To download the latest version of Middlegen, along with full documentation and a comprehensive sample application, visit http://boss.bekk.no/boss/middlegen/.

note

As with all successful software technologies, ongoing development work continues to refine and improve the product. This is certainly the case with Middlegen and Hibernate. At the time of writing, I am using versions 2.x of both Middlegen and Hibernate.

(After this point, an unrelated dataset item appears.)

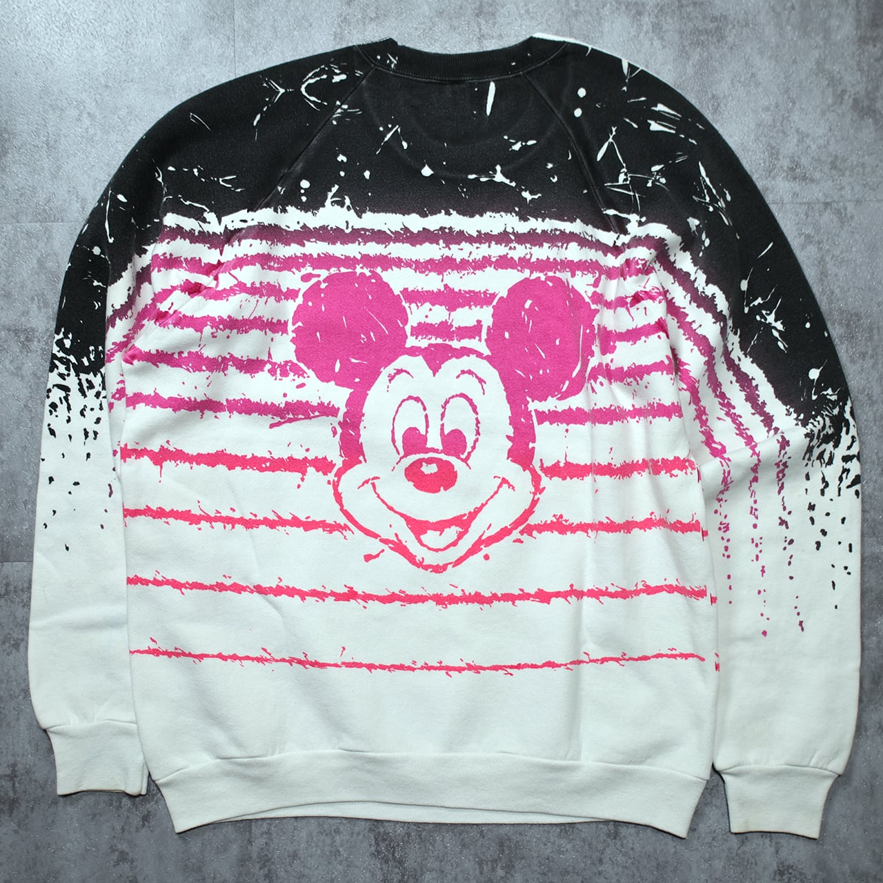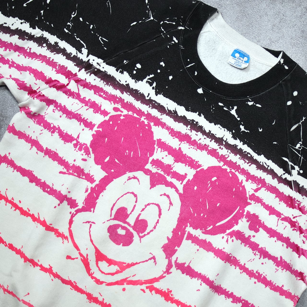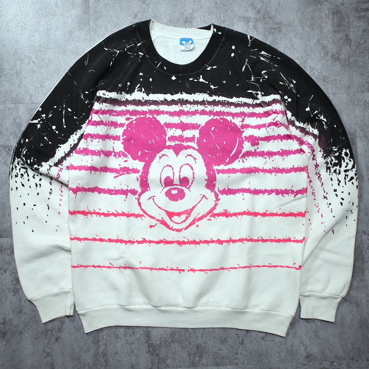 90年代らしい大胆な総柄デザインが魅力のミッキーマウス・スウェット。

Middlegen currently has a version 3.0 in the pipeline, while Hibernate is producing a new version of its Middlegen plug-in for version 3.0. The release strategy is to make all of these betas final at the same time.

So as not to be totally out of date, the example uses a preview of the new Hibernate plug-in, which is available for download from the Hibernate site.

With all the necessary software installed, we can move on to generating the persistence layer. However, before we can look at how code generation techniques can combine with O/R mapping tools to save us time and effort, we need a RDBMS installed and an operational database established with a suitable schema.

The next section covers the setup of the RDBMS and creation of the database schema required for the example.

Setting Up the Database

To illustrate the virtues of Hibernate and Middlegen, we first install a suitable RDBMS and create a database for which a persistence layer can be generated.

The first step is to install an RDBMS, and in this case, we use the services of MySQL.

Introducing MySQL

MySQL is a small, efficient database and is freely available for most platforms. MySQL offers several types of the product, including MySQL Pro, a commercial version intended for use in production systems, and MySQL Standard, which is available free under the GNU Public License (GPL). Both versions of MySQL offer identical functionality, the only differences being in the terms and conditions of the license.

The upcoming example uses version 4.0 of MySQL Standard. MySQL binaries are available for download from http://dev.mysql.com/downloads/mysql/4.0.html.

Comprehensive installation instructions, along with the MySQL manual, can be found at http://dev.mysql.com/doc/mysql/en/Installing.html.

Access to a MySQL database from Java requires the MySQL Connector/J JDBC driver. This is a Type 4 driver, and like MySQL Standard, is free to download. The latest version can be pulled down from http://www.mysql.com/products/connector/j.

From this download, we get mysql-connector-java-3.0.11-stable-bin.jar, which must be placed on the classpath of any Java application requiring access to a MySQL database.

For any additional information regarding MySQL, refer to the main product Web site at http://www.mysql.com.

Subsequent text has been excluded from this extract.